Data items
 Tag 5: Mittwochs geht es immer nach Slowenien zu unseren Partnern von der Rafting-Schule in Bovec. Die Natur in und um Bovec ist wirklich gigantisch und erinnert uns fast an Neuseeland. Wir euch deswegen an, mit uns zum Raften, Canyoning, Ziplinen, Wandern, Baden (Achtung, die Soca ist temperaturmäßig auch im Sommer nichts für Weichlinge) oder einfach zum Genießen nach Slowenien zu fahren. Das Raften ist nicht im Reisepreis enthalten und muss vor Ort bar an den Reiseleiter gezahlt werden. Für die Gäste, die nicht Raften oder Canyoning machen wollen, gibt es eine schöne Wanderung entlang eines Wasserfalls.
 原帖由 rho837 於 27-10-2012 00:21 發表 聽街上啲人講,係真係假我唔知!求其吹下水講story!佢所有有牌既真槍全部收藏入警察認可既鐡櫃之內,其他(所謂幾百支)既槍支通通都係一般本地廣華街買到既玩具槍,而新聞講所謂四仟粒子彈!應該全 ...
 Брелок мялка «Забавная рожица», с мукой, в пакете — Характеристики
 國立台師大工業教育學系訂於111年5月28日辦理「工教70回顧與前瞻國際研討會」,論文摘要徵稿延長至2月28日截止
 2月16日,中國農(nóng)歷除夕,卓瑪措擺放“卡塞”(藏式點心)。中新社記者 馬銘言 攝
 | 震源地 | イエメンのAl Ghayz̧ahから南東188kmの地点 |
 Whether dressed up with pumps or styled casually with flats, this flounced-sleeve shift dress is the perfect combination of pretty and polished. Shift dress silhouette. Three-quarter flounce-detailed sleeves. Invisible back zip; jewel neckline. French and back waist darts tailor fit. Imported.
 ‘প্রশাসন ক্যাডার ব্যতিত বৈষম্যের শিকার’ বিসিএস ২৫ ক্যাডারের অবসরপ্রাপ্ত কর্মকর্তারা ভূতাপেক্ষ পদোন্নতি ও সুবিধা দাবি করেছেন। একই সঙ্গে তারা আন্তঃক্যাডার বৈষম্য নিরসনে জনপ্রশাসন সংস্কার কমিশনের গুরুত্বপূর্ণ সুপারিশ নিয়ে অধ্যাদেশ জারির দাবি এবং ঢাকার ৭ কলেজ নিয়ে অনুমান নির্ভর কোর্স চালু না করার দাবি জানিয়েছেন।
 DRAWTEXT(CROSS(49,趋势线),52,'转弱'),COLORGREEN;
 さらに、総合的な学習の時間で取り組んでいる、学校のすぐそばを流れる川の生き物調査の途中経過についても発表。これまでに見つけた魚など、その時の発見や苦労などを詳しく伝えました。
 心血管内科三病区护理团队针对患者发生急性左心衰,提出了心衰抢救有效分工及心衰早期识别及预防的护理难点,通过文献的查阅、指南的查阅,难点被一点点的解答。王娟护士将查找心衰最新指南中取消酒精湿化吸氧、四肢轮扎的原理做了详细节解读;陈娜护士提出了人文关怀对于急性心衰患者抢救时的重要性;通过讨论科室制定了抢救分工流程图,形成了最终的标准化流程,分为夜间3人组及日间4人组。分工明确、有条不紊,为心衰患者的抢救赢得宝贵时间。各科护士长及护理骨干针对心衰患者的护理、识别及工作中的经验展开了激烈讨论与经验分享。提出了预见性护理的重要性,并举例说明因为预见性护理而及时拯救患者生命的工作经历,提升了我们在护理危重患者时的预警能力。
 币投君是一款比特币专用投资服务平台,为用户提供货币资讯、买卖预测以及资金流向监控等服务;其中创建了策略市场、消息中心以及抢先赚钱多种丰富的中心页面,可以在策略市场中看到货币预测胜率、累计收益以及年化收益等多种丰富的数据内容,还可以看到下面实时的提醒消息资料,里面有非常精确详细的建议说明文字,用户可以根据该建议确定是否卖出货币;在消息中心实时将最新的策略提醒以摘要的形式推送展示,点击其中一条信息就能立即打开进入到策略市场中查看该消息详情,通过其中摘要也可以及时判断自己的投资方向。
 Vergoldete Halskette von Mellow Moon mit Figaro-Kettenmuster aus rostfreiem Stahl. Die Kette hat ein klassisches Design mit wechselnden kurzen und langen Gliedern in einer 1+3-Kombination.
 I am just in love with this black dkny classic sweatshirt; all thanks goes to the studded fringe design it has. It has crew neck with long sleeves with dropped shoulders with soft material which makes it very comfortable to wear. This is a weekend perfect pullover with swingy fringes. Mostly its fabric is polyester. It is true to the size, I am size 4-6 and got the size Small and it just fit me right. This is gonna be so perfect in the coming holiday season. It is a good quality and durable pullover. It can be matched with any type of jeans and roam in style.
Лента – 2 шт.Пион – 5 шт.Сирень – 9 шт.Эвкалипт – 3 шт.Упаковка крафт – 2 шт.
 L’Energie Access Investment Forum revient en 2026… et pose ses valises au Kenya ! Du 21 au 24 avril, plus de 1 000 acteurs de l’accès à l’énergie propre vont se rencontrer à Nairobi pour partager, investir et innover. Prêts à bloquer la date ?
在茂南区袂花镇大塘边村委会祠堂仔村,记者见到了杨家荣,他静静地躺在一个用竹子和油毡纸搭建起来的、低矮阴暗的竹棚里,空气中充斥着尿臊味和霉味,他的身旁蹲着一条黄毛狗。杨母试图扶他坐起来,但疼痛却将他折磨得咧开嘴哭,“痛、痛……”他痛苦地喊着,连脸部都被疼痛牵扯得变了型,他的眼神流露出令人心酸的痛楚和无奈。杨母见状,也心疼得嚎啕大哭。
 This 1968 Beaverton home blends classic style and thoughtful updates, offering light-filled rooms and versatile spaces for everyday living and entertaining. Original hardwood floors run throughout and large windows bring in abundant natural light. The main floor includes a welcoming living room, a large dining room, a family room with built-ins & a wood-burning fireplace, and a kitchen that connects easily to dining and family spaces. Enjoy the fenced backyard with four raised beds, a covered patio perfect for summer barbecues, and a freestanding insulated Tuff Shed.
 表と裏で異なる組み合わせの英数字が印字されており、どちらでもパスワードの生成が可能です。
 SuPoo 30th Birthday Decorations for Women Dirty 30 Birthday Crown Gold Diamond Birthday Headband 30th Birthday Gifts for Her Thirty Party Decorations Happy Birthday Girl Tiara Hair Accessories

**The problem**
Copy out only the lines above from the one with "করার দাবি জানিয়েছেন।" to the one with "在茂南区袂花镇大塘边村委会祠", inclusive, exactly as they stand.

**Exercise solution**
 ‘প্রশাসন ক্যাডার ব্যতিত বৈষম্যের শিকার’ বিসিএস ২৫ ক্যাডারের অবসরপ্রাপ্ত কর্মকর্তারা ভূতাপেক্ষ পদোন্নতি ও সুবিধা দাবি করেছেন। একই সঙ্গে তারা আন্তঃক্যাডার বৈষম্য নিরসনে জনপ্রশাসন সংস্কার কমিশনের গুরুত্বপূর্ণ সুপারিশ নিয়ে অধ্যাদেশ জারির দাবি এবং ঢাকার ৭ কলেজ নিয়ে অনুমান নির্ভর কোর্স চালু না করার দাবি জানিয়েছেন।
 DRAWTEXT(CROSS(49,趋势线),52,'转弱'),COLORGREEN;
 さらに、総合的な学習の時間で取り組んでいる、学校のすぐそばを流れる川の生き物調査の途中経過についても発表。これまでに見つけた魚など、その時の発見や苦労などを詳しく伝えました。
 心血管内科三病区护理团队针对患者发生急性左心衰,提出了心衰抢救有效分工及心衰早期识别及预防的护理难点,通过文献的查阅、指南的查阅,难点被一点点的解答。王娟护士将查找心衰最新指南中取消酒精湿化吸氧、四肢轮扎的原理做了详细节解读;陈娜护士提出了人文关怀对于急性心衰患者抢救时的重要性;通过讨论科室制定了抢救分工流程图,形成了最终的标准化流程,分为夜间3人组及日间4人组。分工明确、有条不紊,为心衰患者的抢救赢得宝贵时间。各科护士长及护理骨干针对心衰患者的护理、识别及工作中的经验展开了激烈讨论与经验分享。提出了预见性护理的重要性,并举例说明因为预见性护理而及时拯救患者生命的工作经历,提升了我们在护理危重患者时的预警能力。
 币投君是一款比特币专用投资服务平台,为用户提供货币资讯、买卖预测以及资金流向监控等服务;其中创建了策略市场、消息中心以及抢先赚钱多种丰富的中心页面,可以在策略市场中看到货币预测胜率、累计收益以及年化收益等多种丰富的数据内容,还可以看到下面实时的提醒消息资料,里面有非常精确详细的建议说明文字,用户可以根据该建议确定是否卖出货币;在消息中心实时将最新的策略提醒以摘要的形式推送展示,点击其中一条信息就能立即打开进入到策略市场中查看该消息详情,通过其中摘要也可以及时判断自己的投资方向。
 Vergoldete Halskette von Mellow Moon mit Figaro-Kettenmuster aus rostfreiem Stahl. Die Kette hat ein klassisches Design mit wechselnden kurzen und langen Gliedern in einer 1+3-Kombination.
 I am just in love with this black dkny classic sweatshirt; all thanks goes to the studded fringe design it has. It has crew neck with long sleeves with dropped shoulders with soft material which makes it very comfortable to wear. This is a weekend perfect pullover with swingy fringes. Mostly its fabric is polyester. It is true to the size, I am size 4-6 and got the size Small and it just fit me right. This is gonna be so perfect in the coming holiday season. It is a good quality and durable pullover. It can be matched with any type of jeans and roam in style.
Лента – 2 шт.Пион – 5 шт.Сирень – 9 шт.Эвкалипт – 3 шт.Упаковка крафт – 2 шт.
 L’Energie Access Investment Forum revient en 2026… et pose ses valises au Kenya ! Du 21 au 24 avril, plus de 1 000 acteurs de l’accès à l’énergie propre vont se rencontrer à Nairobi pour partager, investir et innover. Prêts à bloquer la date ?
在茂南区袂花镇大塘边村委会祠堂仔村,记者见到了杨家荣,他静静地躺在一个用竹子和油毡纸搭建起来的、低矮阴暗的竹棚里,空气中充斥着尿臊味和霉味,他的身旁蹲着一条黄毛狗。杨母试图扶他坐起来,但疼痛却将他折磨得咧开嘴哭,“痛、痛……”他痛苦地喊着,连脸部都被疼痛牵扯得变了型,他的眼神流露出令人心酸的痛楚和无奈。杨母见状,也心疼得嚎啕大哭。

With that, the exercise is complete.